Солдат вновь вскочил на своего неупокоенного коня.
Геборик окликнул его, стоя у корыта:
– Солдат! Позволь спросить… за кем ты охотишься?
Заострённые зубы распахнулись и сошлись в беззвучном смехе.
– Охочусь? О да, все мы охотимся, но я был ближе иных! Чтоб Худу все суставы перекрутило! Волосы из носу вырвало, а зубы в брюхо впечатало! Копьё ему в задницу и гору на темечко! О-о, я ему найду жену однажды, можете биться об заклад! Но прежде – охота!
Солдат собрал поводья, развернул коня. Распахнулся портал.
– Скорняк! Услышь меня, проклятый Поклявшийся! Обманувший смерть! Я иду за тобой! Иду!
Конь и всадник нырнули в разрыв, исчезли, и в следующий миг врата тоже пропали.
Внезапная тишина погребальным плачем раскатилась в голове Резчика. Он судорожно вздохнул, затем встряхнулся.
– Храни нас Беру, – вновь прошептал даруджиец. – Он был моим дядей…
– Я накормлю лошадей, парень, – проговорил Геборик. – Иди к женщинам. Они наверняка услышали крики, а теперь гадают, что произошло. Иди к ним, Резчик.
Кивнув, юноша отправился к воротам. Баруканал. Маммольтэнан. Что же открыл ему Солдат? Какая жуткая тайна крылась в словах мертвеца? Как же Барук и остальные связаны с Тираном? А сегулехи? Тиран возвращается?
О, боги, мне нужно домой.
За воротами на дороге сидели Фелисин и Скиллара.

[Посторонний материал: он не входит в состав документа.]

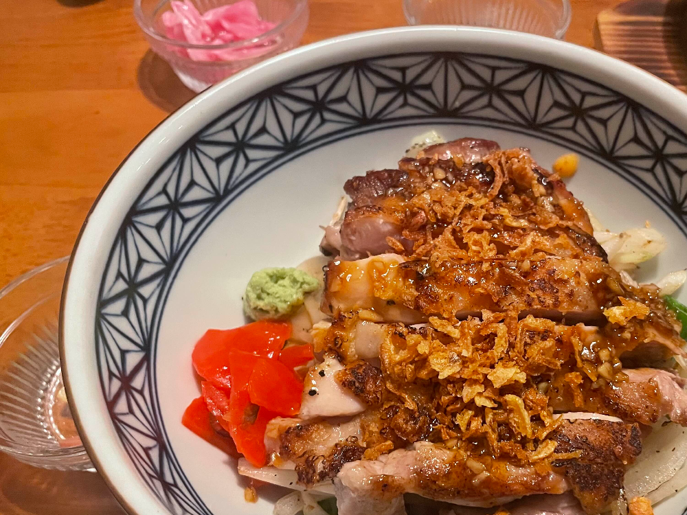 간장 닭구이 덮밥입니다. 닭고기가 촉촉하고 밥에도 간이 잘 배어서 맛있었어요.

Обе пыхтели ржавым листом, и хотя Фелисин, похоже, мутило, в её глазах застыло решительное, непокорное выражение.
– Расслабься, – сказала Скиллара. – Она не затягивается.
– Правда? – встревожилась Фелисин. – А как это делать?
– Вопросы у вас не возникли? – удивился Резчик.
Обе подняли глаза на даруджийца.
– О чём? – спросила Скиллара.
– Вы не слышали?
– Что не слышали?
Они не услышали. Всё это им не предназначалось. Но нам – да. Почему? Неужели Солдат ошибся в своих выводах? Неужели Худ послал его не для того, чтобы он узрел мёртвых жрецов и жриц Д'рек, а… поговорить с нами.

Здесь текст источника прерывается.